Two rec games today--6th grade, then 8th grade. I had a partner I trust, and the games went quite smoothly.

The first game was so routine that I already have very little memory of it. The main issue for me was I was using my voice too much. Because of past vocal cord issues, I need to ease up...learn to use the whistle instead of shouting. "NO SHOT! NO SHOT!" needs to be replaced by repeated toots of the whistle. Funny...people do know what that means.

If anyone reading this has other advice for how a basketball ref can save his voice without sacrificing communication, go ahead and leave me a comment.

The second game...man. A challenge. Green was beating White 20-0 after the first quarter. I called my partner over and told him that Blowout Priorities were in effect:

Priority 1: Safety. Don't let the losing team start pushing, shoving, and letting out frustrations. Call anything that looks remotely chippy...don't let things get out of control.
Priority 2: Run the clock. If a foul isn't on a shooter, isn't obvious, and doesn't meet the above "frustration" criterion, don't call it. Let's get out of here.
Priority 3: Protect White when we could. No need to add insult to injury if we could help it.

These priorities are in order of importance.

Fortunately for us, the Green team coach was a good guy. He eased up significantly--there wasn't a fast break after the first quarter. This ran the clock (a very nice idea) and prevented any severe bad blood from fermenting. Still, Green was a lot better.

Halftime score was 35-1, and Green led 43-1 in the third quarter. Somehow, 43-1 feels like more of a blowout than 43-0 to me. White got in a couple of hoops in the third quarter, and actually drilled a buzzer-beating three pointer at the end of the game to make the final tally 59-8. Cutely, the player who hit the three jumped into a teammate's arms.

Our game was fine--no chippy play started up at any time. I stayed focused usually, save for one egregious mistake when I blew the whistle when the ball went over the backboard...I was LEAD. Inexcusable. Even in a blowout game, I need to not watch ball then! Stupid! Oh well...a brain freeze. Just like the one where I ran downcourt after an offensive rebound. Embarrassing.

During a time out, my partner also said something that I've heard before...that I look too serious on the floor. It's funny...I'm having a good time, but my face indicates that I'm dour and sour. I asked him what I could do. He wanted me to keep my whistle out of my mouth on the first of two free throws. I don't like that idea...I need to have it there in case something weird happens. His second bit of advice was better. "Smile. At least once." I asked when. He said "When your partner makes a good call."

Pause.
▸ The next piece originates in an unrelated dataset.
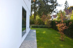 garten für ein sehr reduziertes privathaus in münchen. lange blockstufen terrassieren den garten und schaffen so auf engem raum mehrere gartenräume. die terrasse spielt mit dem ‚ornament‘ des nebengebäudes. die farbe gelb, als gestaltungselement im gebäude benutzt, zieht sich auch in den garten. gelbblühende stauden und herbstfärbende gräser bespielen die räume. solitäre gehölze werden spannungsvoll zum innenraum platziert und ziehen den blick nach außen.
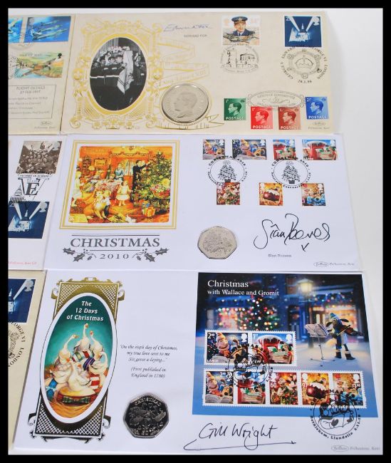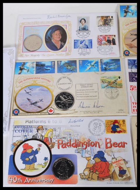 A collection of ten First Day Coin Covers to include military related, spitfire, Wallace and Gromit, Paddington Bear, Churchill etc. Mostly Crown examples with some decimal coin examples.

I then asked my partner:

"But what if that never happens?"

See, I can be loose out there. But I'll still work on it.

THINGS THAT WENT WELL: Managed blowout game nicely.

THINGS TO WORK ON: Look relaxed and calm, not dour and sour. Eyes on area as lead. Use less voice.

NEXT: My first varsity game of the year will be Monday night.

Thursday, December 01, 2005

All dressed up...

My first varsity game of the year was cancelled tonight due to snow.

Sigh...

Two little-kid games this weekend, then my varsity debut on Monday.